Photoswitching FRET - A New Approach to Imaging Energy Transfer

Abstract

Forster Resonance Energy Transfer (FRET) is a powerful approach to study the interactions of fluorescent molecules. As it has become more commonplace in fluorescence microscopy, numerous techniques have been developed to measure FRET. Amongst them is fluorescence lifetime imaging (FLIM) which is often considered a rigorous standard for determining the level of energy transfer from a donor to acceptor molecule. However, FLIM requires specialized equipment and expertise unavailable to many microscopists. Here, we present a new approach which can be performed on a conventional widefield or confocal microscope to image FRET between a donor photoswitchable fluorescent protein, Dronpa, and an acceptor based on a conventional fluorescent protein. It is based on Dronpa's photoswitching properties in the presence and absence of an acceptor.
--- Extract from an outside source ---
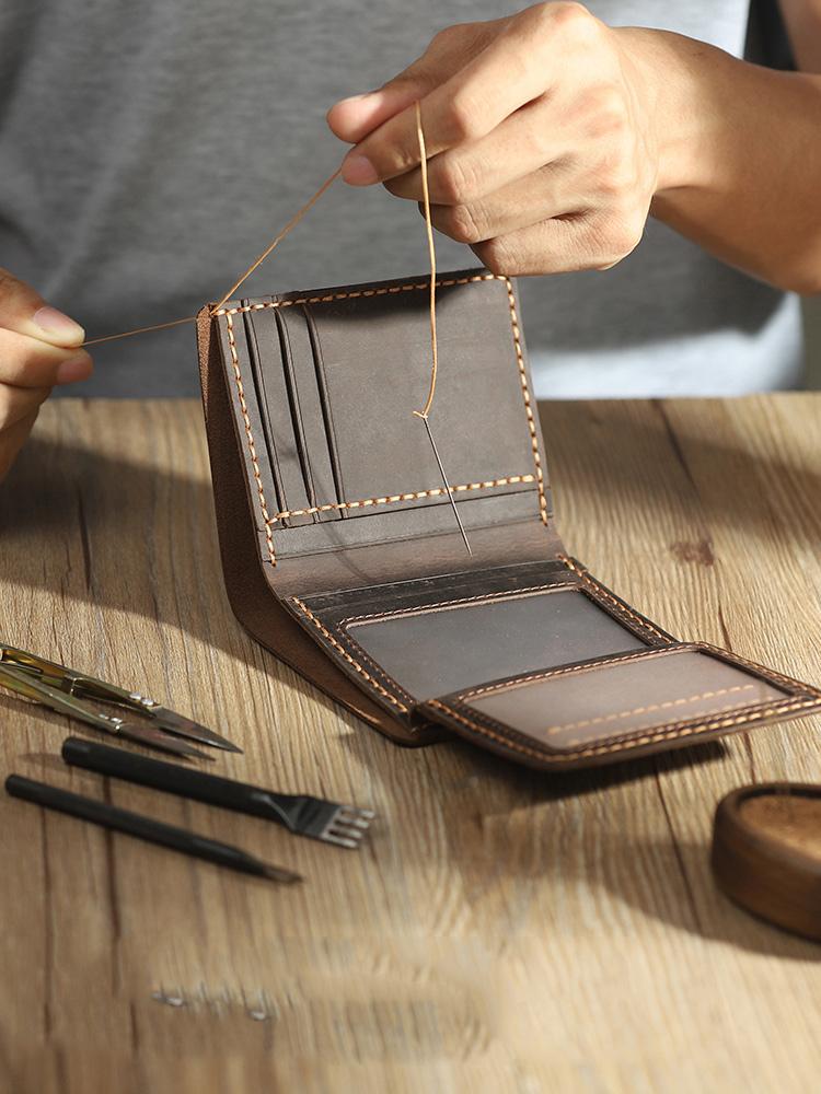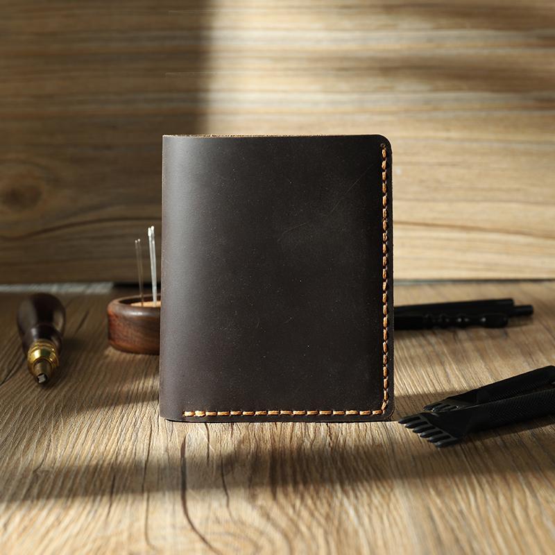 Design: Handmade Coffee Leather Mens Trifold Billfold Personalized Trifold Small Wallets for Men

The technique which we call photoswitching FRET (psFRET) is similar to an established but underutilized technique called photobleaching FRET (pbFRET) with the major difference being the molecules are switched “off” rather than photobleached. Therefore, less illumination light is required to switch “off” the molecule and it can be photoswitched “on” to repeat the cycle. We will present data from experiments testing the validity of this new approach and demonstrate its utility in monitoring intracellular protein-protein interactions.